Re: [PATCH 1/3] sched/fair: Introduce scaled capacity awareness in find_idlest_cpu code path

From: Joel Fernandes
Date: Thu Oct 12 2017 - 17:47:25 EST


On Thu, Oct 12, 2017 at 10:03 AM, Rohit Jain <rohit.k.jain@xxxxxxxxxx> wrote:
> Hi Joel, Atish,
>
> Moving off-line discussions to LKML, just so everyone's on the same page,
> I actually like this version now and it is outperforming my previous
> code, so I am on board with this version. It makes the code simpler too.

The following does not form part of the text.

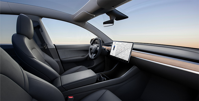 ایلان ماسک می‌گوید که انتظار دارد این خودرو نیز به عنوان امن‌ترین خودروی سایز متوسط SUV شناخته شود. طراحی داخلی تسلا مدل Y شباهت بسیار زیادی به خودروی مدل ۳ دارد. مثل مدل ۳ در تسلا مدل Y هم شاهد نمایشگری ۱۵ اینچی در مرکز داشبورد هستیم که لمسی است و تقریبا تمام اطلاعات مورد نیاز از جمله سرعت لحظه‌ای خودرو، روی این نمایشگر نشان داده می‌شود. همچنین تسلا مدل Y دارای سقف پانارومیک یک پارچه است که از بالای سر سرنشینان جلو، تا بخش پشتی خودرو کشیده شده است. ردیف سوم صندلی‌ها که جا برای دو سرنشین اضافه و در مجموع ۷ سرنشین را امکان پذیر می‌کند نیز تا سال ۲۰۲۱ برای این خودرو عرضه نمی‌شود.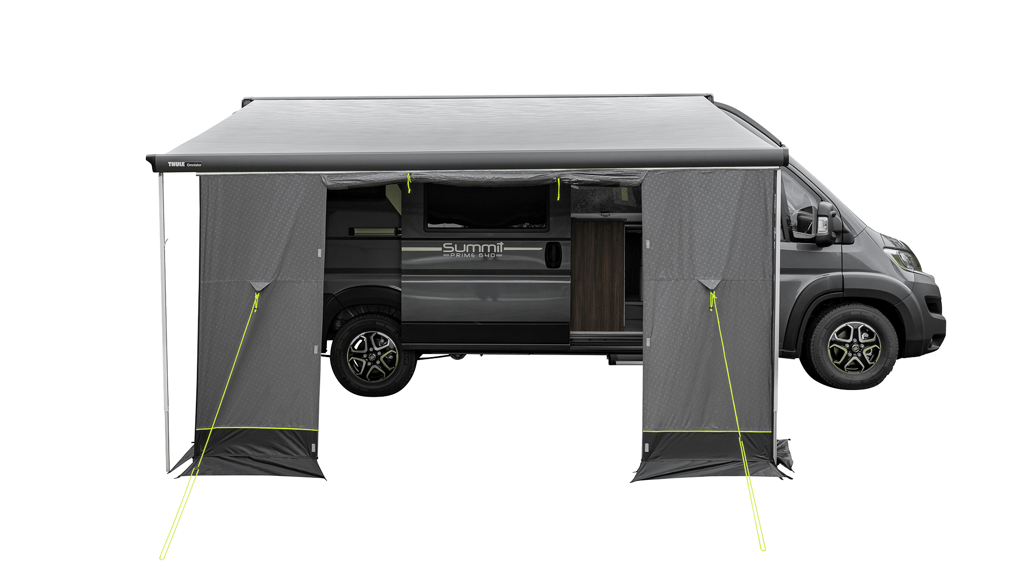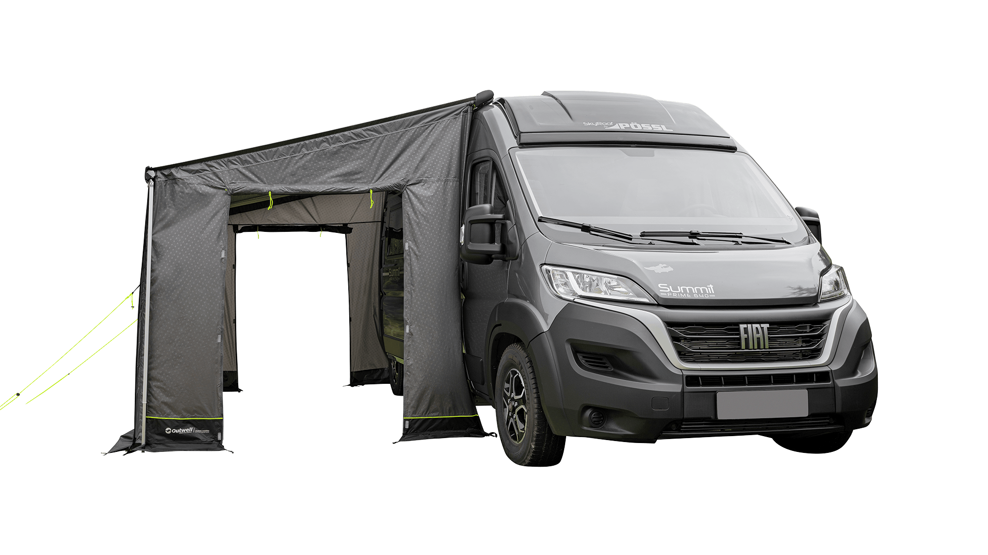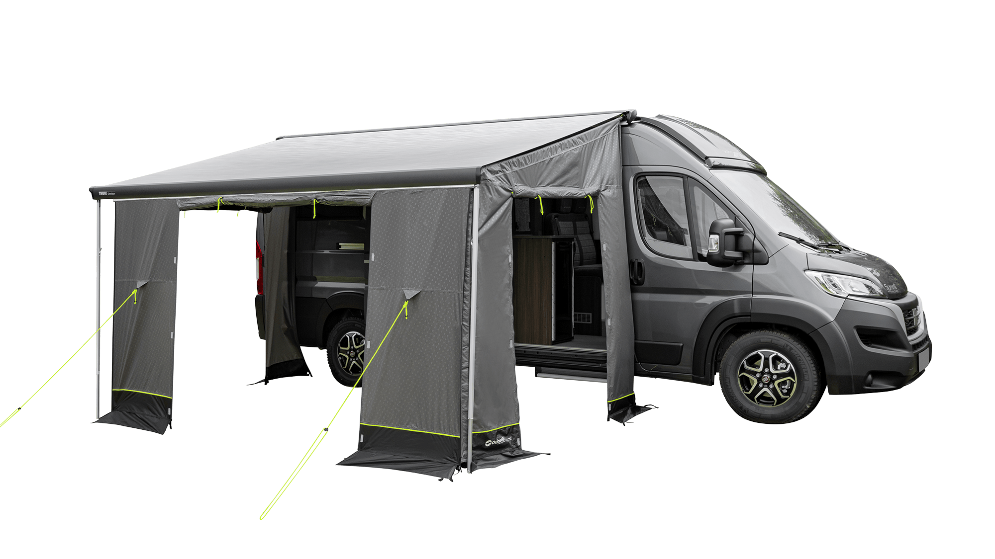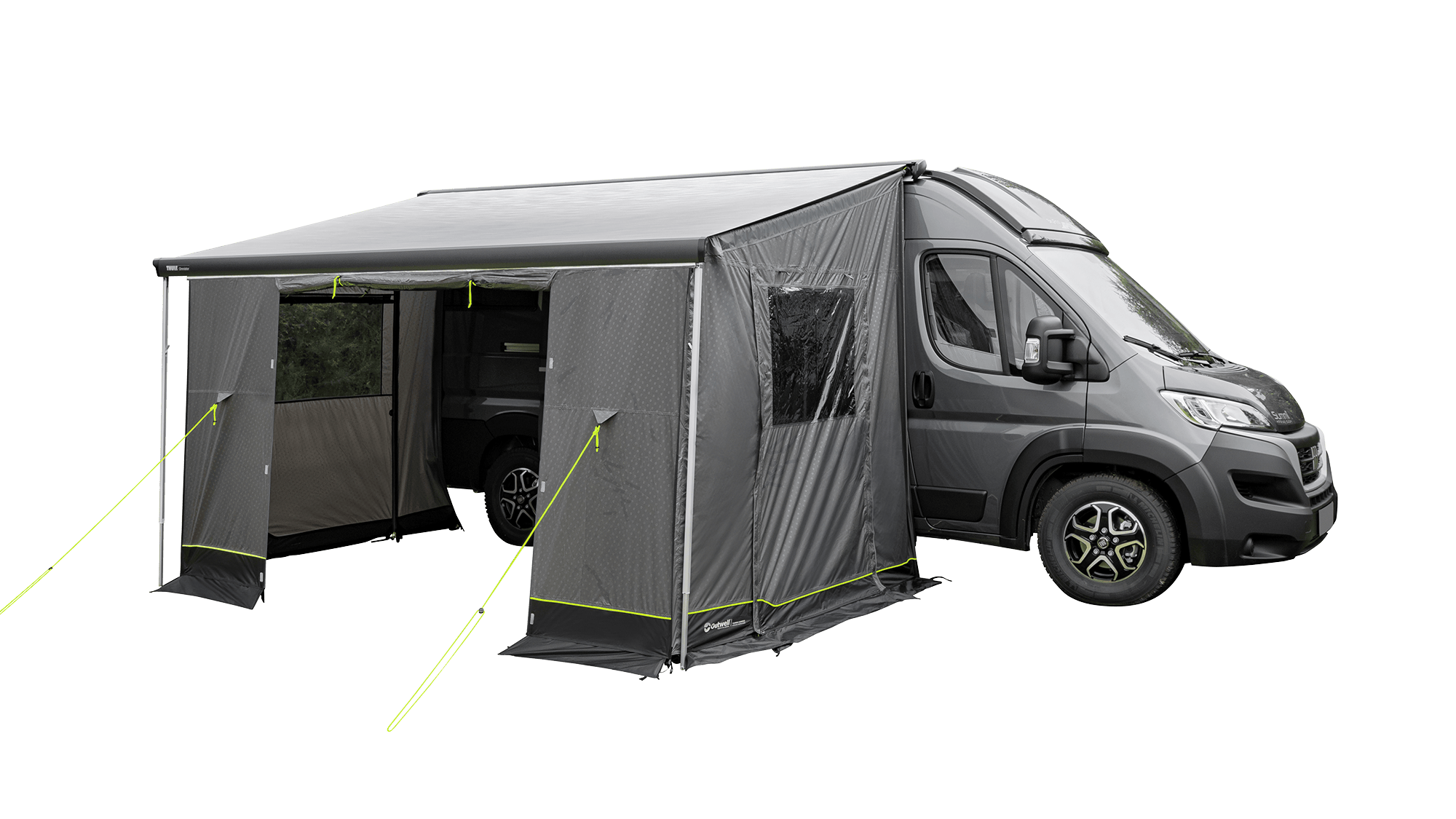 Hergestellt aus robustem Outtex® 4000 Select Polyester mit einer Wassersäule von 4000 mm bietet das Sideroads Awning Room zuverlässigen Schutz vor Regen, Wind und Sonne (UV-Schutzfaktor 30+). Dank seiner Abmessungen eignet es sich besonders für höhere Fahrzeuge wie Fiat Ducato, Mercedes Sprinter oder teilintegrierte Reisemobile mit Markisenbreiten von 375–450 cm und einem Auszug von 250 cm.

I think you should have explained what the version does differently.
Nobody can read your mind.

>
> Since we need a fast way of returning an idle cpu in select_idle_sibling
> path, I think that can remain as it is (or may be we can argue about the
> patch on that thread)

This is hardly an explanation of the diff below.

>
> If what I said abovemakes sense to everyone, I will send out a v6.
>
> As always, please let me know what you think.

More below:

> Thanks,
> Rohit
>
> diff --git a/kernel/sched/fair.c b/kernel/sched/fair.c
> index 56f343b..a1f622c 100644
> --- a/kernel/sched/fair.c
> +++ b/kernel/sched/fair.c
> @@ -5724,7 +5724,7 @@ static int cpu_util_wake(int cpu, struct task_struct
> *p);
>
> static unsigned long capacity_spare_wake(int cpu, struct task_struct *p)
> {
> - return capacity_orig_of(cpu) - cpu_util_wake(cpu, p);
> + return capacity_of(cpu) - cpu_util_wake(cpu, p);
> }
>
> /*
> @@ -5870,6 +5870,7 @@ find_idlest_group_cpu(struct sched_group *group,
> struct task_struct *p, int this
> unsigned long load, min_load = ULONG_MAX;
> unsigned int min_exit_latency = UINT_MAX;
> u64 latest_idle_timestamp = 0;
> + unsigned int idle_cpu_cap = 0;
> int least_loaded_cpu = this_cpu;
> int shallowest_idle_cpu = -1;
> int i;
> @@ -5881,6 +5882,7 @@ find_idlest_group_cpu(struct sched_group *group,
> struct task_struct *p, int this
> /* Traverse only the allowed CPUs */
> for_each_cpu_and(i, sched_group_span(group), &p->cpus_allowed) {
> if (idle_cpu(i)) {
> + int idle_candidate = -1;
> struct rq *rq = cpu_rq(i);
> struct cpuidle_state *idle = idle_get_state(rq);
> if (idle && idle->exit_latency < min_exit_latency) {
> @@ -5891,7 +5893,7 @@ find_idlest_group_cpu(struct sched_group *group,
> struct task_struct *p, int this
> */
> min_exit_latency = idle->exit_latency;
> latest_idle_timestamp = rq->idle_stamp;
> - shallowest_idle_cpu = i;
> + idle_candidate = i;
> } else if ((!idle || idle->exit_latency == min_exit_latency) &&
> rq->idle_stamp > latest_idle_timestamp) {
> /*
> @@ -5900,8 +5902,14 @@ find_idlest_group_cpu(struct sched_group *group,
> struct task_struct *p, int this
> * a warmer cache.
> */
> latest_idle_timestamp = rq->idle_stamp;
> - shallowest_idle_cpu = i;
> + idle_candidate = i;
> }
> +
> + if (idle_candidate != -1 &&
> + (capacity_of(idle_candidate) > idle_cpu_cap)) {
> + shallowest_idle_cpu = idle_candidate;
> + idle_cpu_cap = capacity_of(idle_candidate);
> + }

This is broken, incase idle_candidate != -1 but idle_cpu_cap makes the
condition false - you're still setting min_exit_latency which is
wrong.

Also this means if you have 2 CPUs and 1 is in a shallower idle state
than the other, but lesser in capacity, then it would select the CPU
with less shallow idle state right? So 'shallowest_idle_cpu' loses its
meaning.

thanks,

- Joel

[..]